Mpasi agreed that doctors want to see children in school as much as possible. Children she has talked to, she said, are excited about going back to school and socializing with their friends. Some said they learn better in the classroom. Parents have the responsibility of reminding children to wear masks and frequently wash their hands, she said.
Shapiro said parents also ask about side effects from the vaccine, such as inflammation of heart muscles, or they believe the risk of a child getting sick is too low to get them vaccinated. But it is heartbreaking when children sick with the virus end up hospitalized, he said.
“Seeing the patient in the hospital brings it to a personal level for me. We have a tool — the vaccine — which we didn’t have a few months ago, that can save lives. I can’t even begin to emphasize how incredible that is that we are able to get it into people’s arms. We are seeing what it is doing in the adult population and the deaths it has prevented,” Shapiro said.
Santiago said that, last year, she didn’t see severe cases of the coronavirus in children, but a few had more serious symptoms, causing them to feel more tired and making it more difficult to play sports.
Replying to a question about why adolescents who are vaccinated still have to wear masks in school, Rattay said only 40 percent are fully vaccinated, so the majority remain at risk. Even those who are vaccinated can become infected or spread infection, she said.

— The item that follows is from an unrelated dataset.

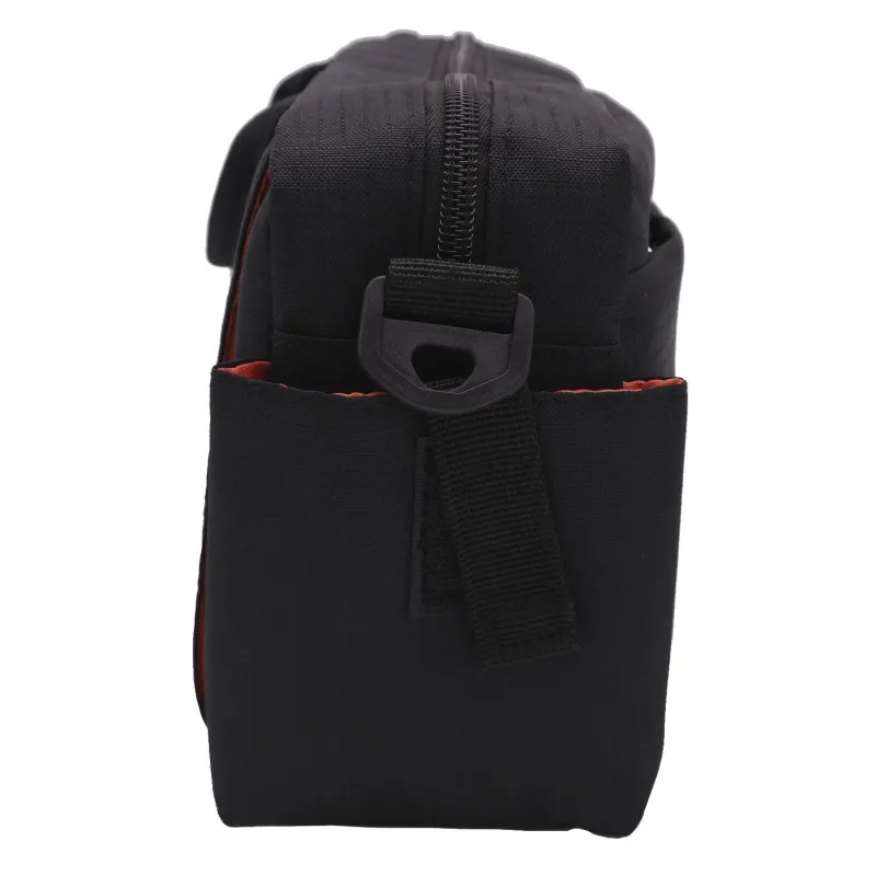 Various useful storage compartments On the front, you can find a zip pocket with handy organizers for accessories. Below is a smaller zip pocket, which can be helpful for storing cables. Both sides of the bag have handy pockets with a Velcro fastener. The bag is also provided with handles. It is also possible to wear the bag on your belt.

Shapiro said it’s important to reduce transmission of the disease, and the best way to do that is by wearing masks.
“It’s not just about myself or my children. It’s about our whole community. … We need to look at it as a group effort,” Shapiro said.

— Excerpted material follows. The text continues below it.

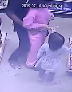Theo quan sát của camera an ninh, ban đầu có hai cô bé đứng trước quầy hàng, bé gái trông lớn hơn mặc quần áo màu hồng bất ngờ bị một người đàn ông lạ mặt từ phía sau tấn công bằng cách cọ xát vào người.

Replying to a question about what treatments are available for children diagnosed with the coronavirus, Shapiro said the best treatment is prevention and being sure everyone in the household with young children is vaccinated.
Treatments for those 12 or older include antibodies, administered intravenously and an effective treatment with few side effects.
Mpasi said she has seen limited cases of the coronavirus in children, and infected children had rather mild symptoms, including prolonged cough, fever and body aches. Patients with asthma used inhalers for relief, she said.
Agreeing, Santiago said she has not seen many cases and that the illness, in her patients, has been manageable so far. In two instances, children had underlying conditions, such as asthma, but they responded well to treatment, she said.